B is currently out of the country, so what better time to start disclosing his deepest, darkest secrets…right?
This is why I’m going to tell you about his horcrux. Scratch that; I’m going to tell about his horcruxes, because there are two of them.
We’re coming up on our fifth wedding anniversary this Christmas, so my already-confident husband is now allowed to shed a bit more of his tough guy Marine exterior and do crazy things like announcing publicly that he was excited about taking me to see the latest Harry Potter movie. It may have taken me nearly six years to do it, but I have turned B into a Harry Potter fan, and yes, I feel a need to broadcast the news.
Just before B left home a couple of weeks ago I started to get a bit emotional over the fact that we wouldn’t be able to spend the holidays together. For some reason, even though we’ve endured three Marine Corps deployments this short separation was the most difficult to for us to begin. I shed some tears and I may have become a little bit clingy that last week. And when B and I didn’t happen to be simultaneously moping, he did his World’s Best Husband thing and pulled out all the stops to make me feel better. He did all the normal sweet husband stuff and then he turned on the humor.

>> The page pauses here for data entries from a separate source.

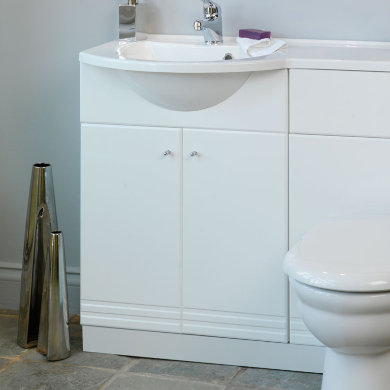Bonito 120 range allow for numerous combinations using laminate tops and optional 300mm left and right hand base units with corresponding wall cupboards. The 60cm mirror and cornice has two LED Lamps and a shaver socket.
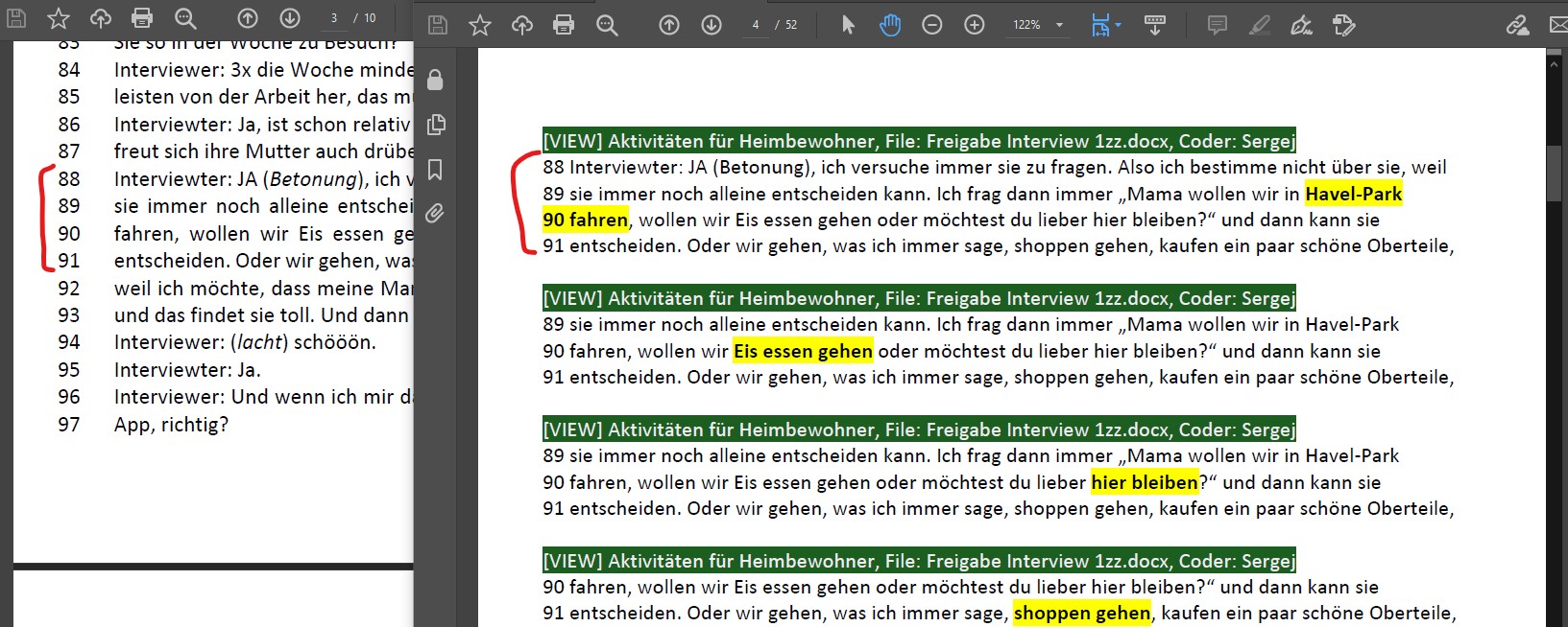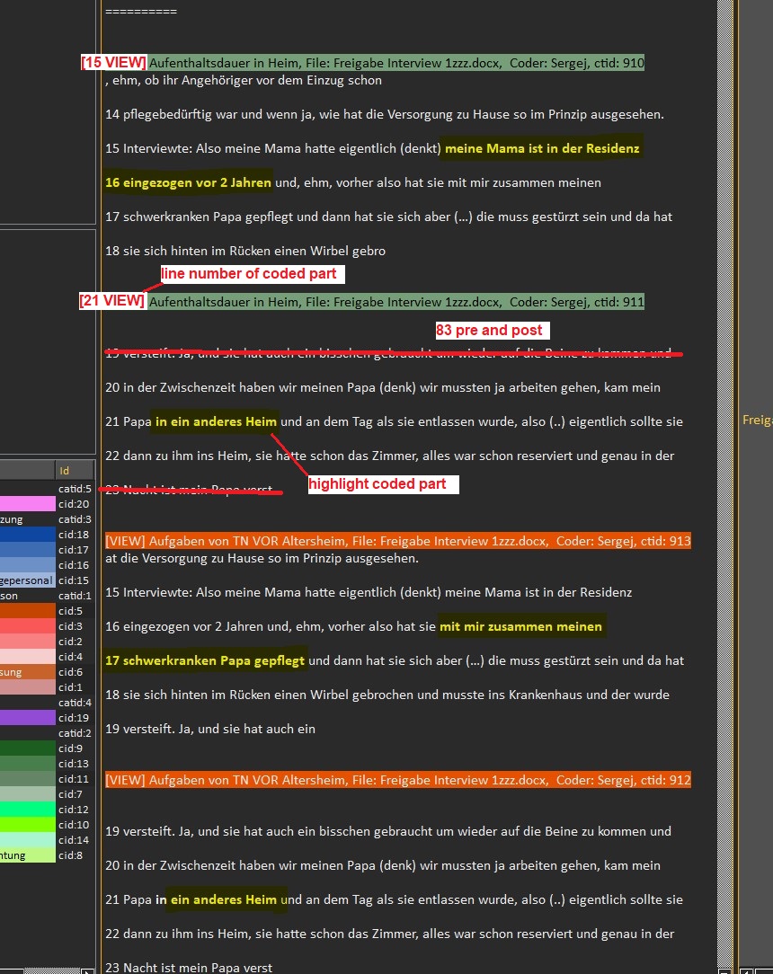 As a third suggestion, to round everything up, would be an option to add line numbers to the text data and apply them also to the report. This way, with large data, referencing to the coded parts is easier.
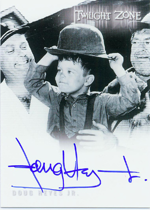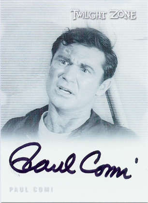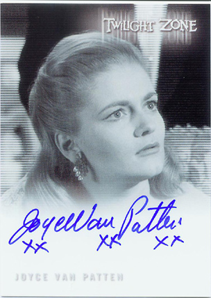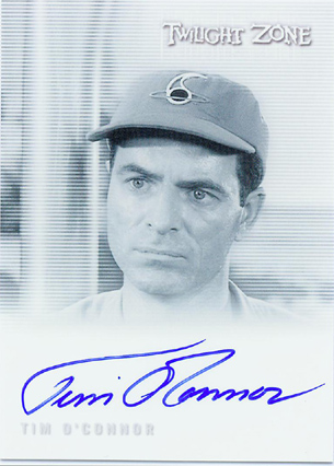 | |  The 79-card set will cover all 156 original Twilight Zone episodes from 1959 to 1964 with 2 episodes per card. Every box will include 4 autograph cards! Signers include: • John Astin (A Hundred Yards Over The Rim) • Cliff Robertson (The Dummy) • Morgan Brittany (Caesar and Me) • Richard Erdman (A Kind of Stopwatch) • Jean Marsh (The Lonely) • June Foray (Living Doll) • Earl Holliman (Where Is Everybody?) • Noah Keen (The Trade-Ins) • Tim O'Connor (On Thursday We Leave For Home) • Linden Chiles (Four O'Clock) • David Macklin (Ring-A-Ding Girl) • Mariette Hartley (The Long Morrow) • More to be announced soon!
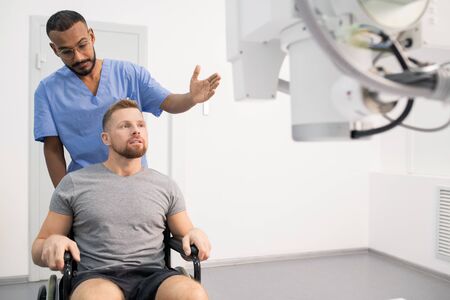 Young doctor in uniform showing sick man on wheelchair new medical equipment
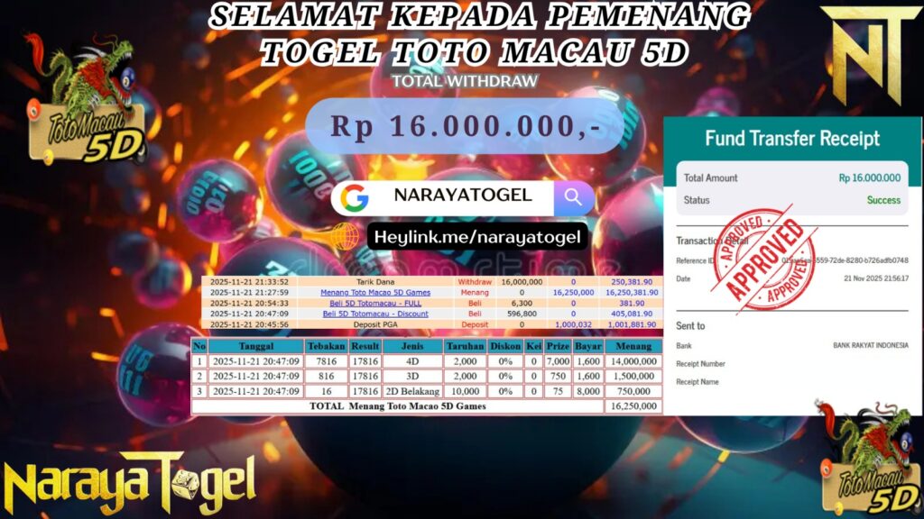 selamat kepada User id CEC* Telah berhasil mendapatkan kemenangan besar pada permainan TOTOMACAU 5D Dengan kemenangan Sebesar Rp 16.000.000 Setelah mengisi formulir withdraw dengan kurang waktu hanya 1 – 10 menit pihak NARAYATOGEL sudah melakukan transfer kepada pemiliknya dan dana sudah masuk ke rekening id tersebut oleh pemenang. Bukti pembayaran yang kami berikan merupakan bukti pembayaran yang SAH / VALID yang langsung di dapatkan melalui tanda transfer transaksi berhasil dari Bank yang di tuju.

B has a favorite t-shirt, a gray FFA advertisement that he picked up at Goodwill. He wears his favorite t-shirt all the time, and when I comment about how he shouldn’t wear his favorite shirt all the time, he puffs up his chest and proudly rubs the logo imprinted upon it. The logo in question is the silhouette of a pig. And the pig in question? It has stripes. I’m not sure why the pig has stripes, but I do know that any pig with stripes is worthy of a nickname. And what B knows is that any t-shirt that succeeds as a wife-repelling device definitely deserves a nickname and maybe even its own hanger. So now when we talk about B’s t-shirt we fondly refer to the zebra pig.

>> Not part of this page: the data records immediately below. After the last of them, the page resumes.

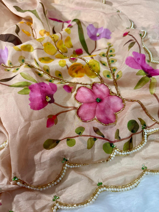 Meredith Handwork Saree(Beige)
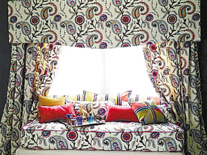 鲜花的特点是多彩、鲜艳,放在冬日的飘窗上,正好恰当,厚度超过10厘米的飘窗垫,再加上厚重的窗帘,都以同样的纹样装饰,让整个空间热闹非凡。再摆上同样多彩而晶莹的水杯、水壶,这个飘窗在冬天就闪亮起来。
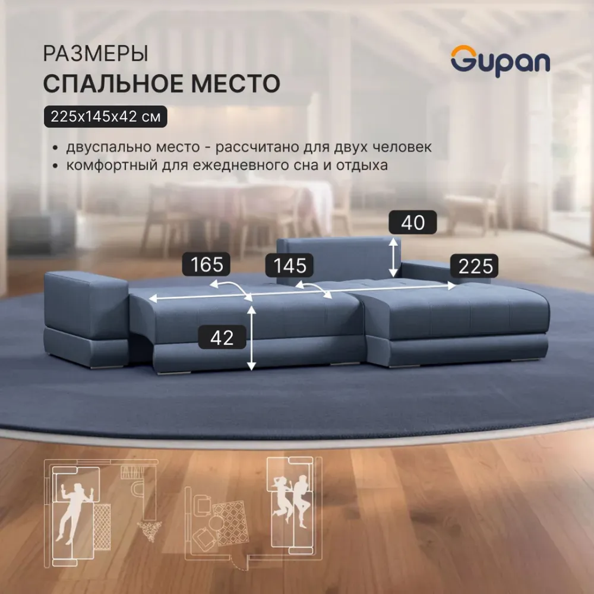 СохранитьДиван угловой Gupan Olis Велюр Amigo Navy, раскладной, механизм еврокнижка, беспружинный, с ящиком для белья интересное:
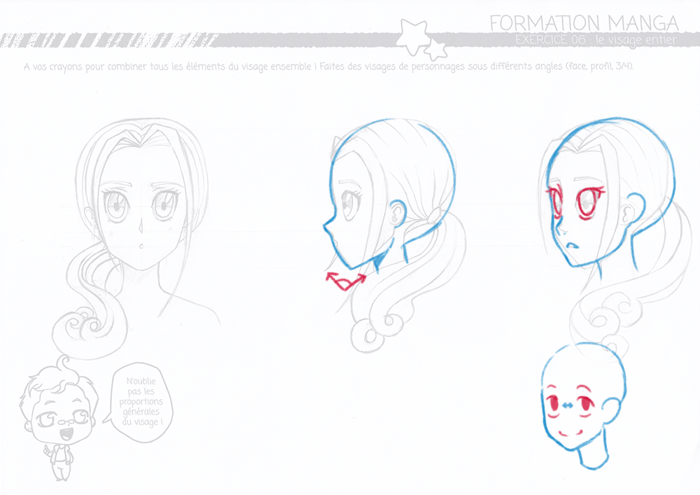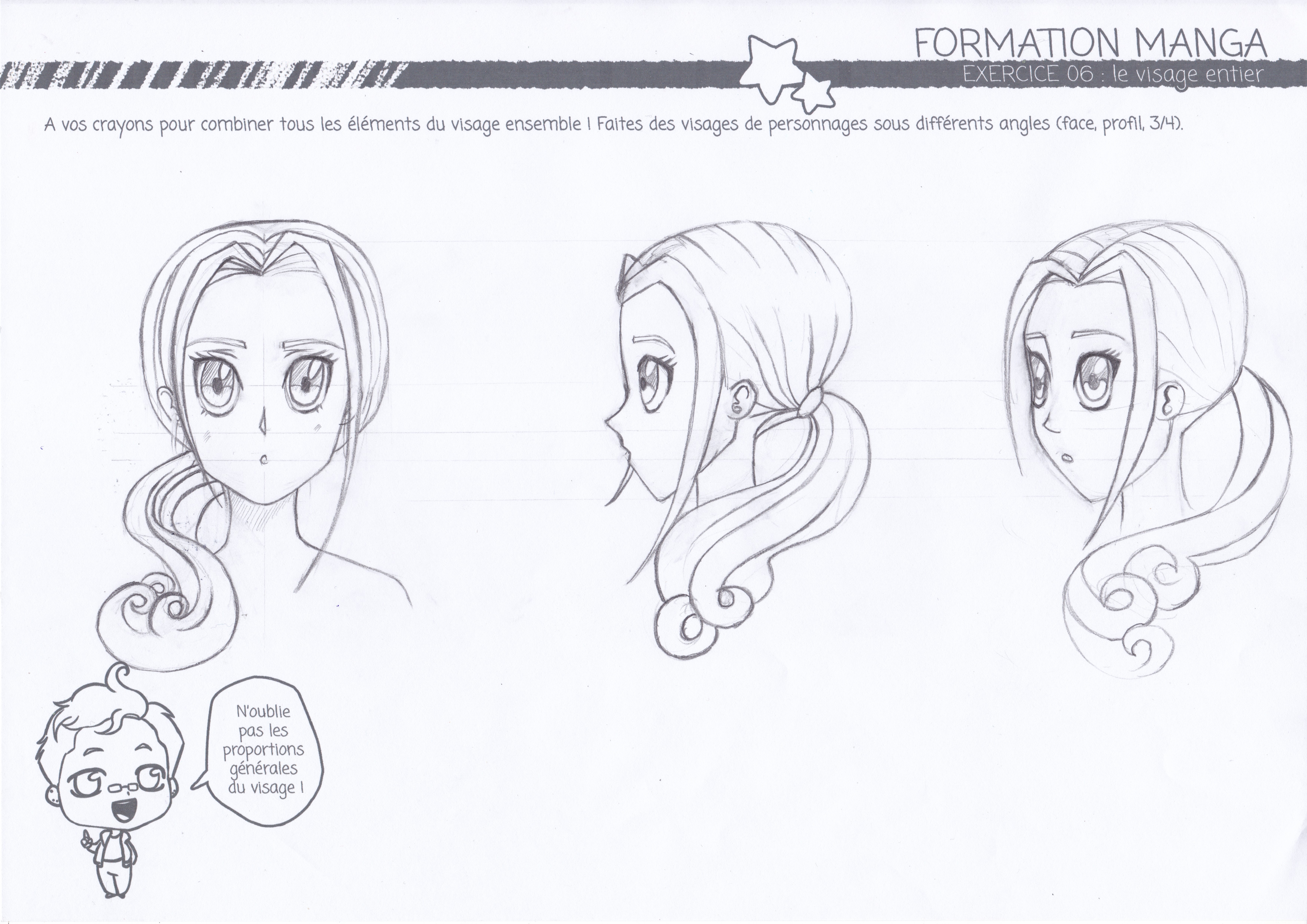 J'ai fait le visage féminin de face, de profil et de 3/4.

B also has a favorite dog, our boy Gromit. From the first day my boys were inseparable. B would rush home immediately after work to spend time with our new puppy, teaching him to sit, stay, fetch, and save the world. And the first morning that I had to go to work and B didn’t I got a surprise in my inbox: an adorable photo of my husband with a little black puppy on his lap, both of them looking eagerly at the camera as they plotted to surprise me. This man and his dog are partners in crime, and in the eyes of each the other can do no wrong.
Two weeks ago in the midst of all my boo hooing over B’s impending trip and of B’s attempts to make me stop moping and laugh instead, he decided to call upon his newly expanded vocabulary and declare that he was leaving me in charge of his two horcruxes. He wore the zebra pig t-shirt and then, instead of packing it in his luggage as he’d planned, he quietly slipped it under my pillow for safekeeping. Then he solemnly declared to me that our boy Gromit would help watch over me while he was away during the holidays. And thus the horcruxes were identified.
But I take back what I said earlier about there being two horcruxes, because when B’s announcement about Gromit and zebra pig succeeded in making me giggle, he decided to share the news that there is a third horcrux: myself.
That’s right, y’all. I’m a horcrux. And that, my friends, is what love looks like.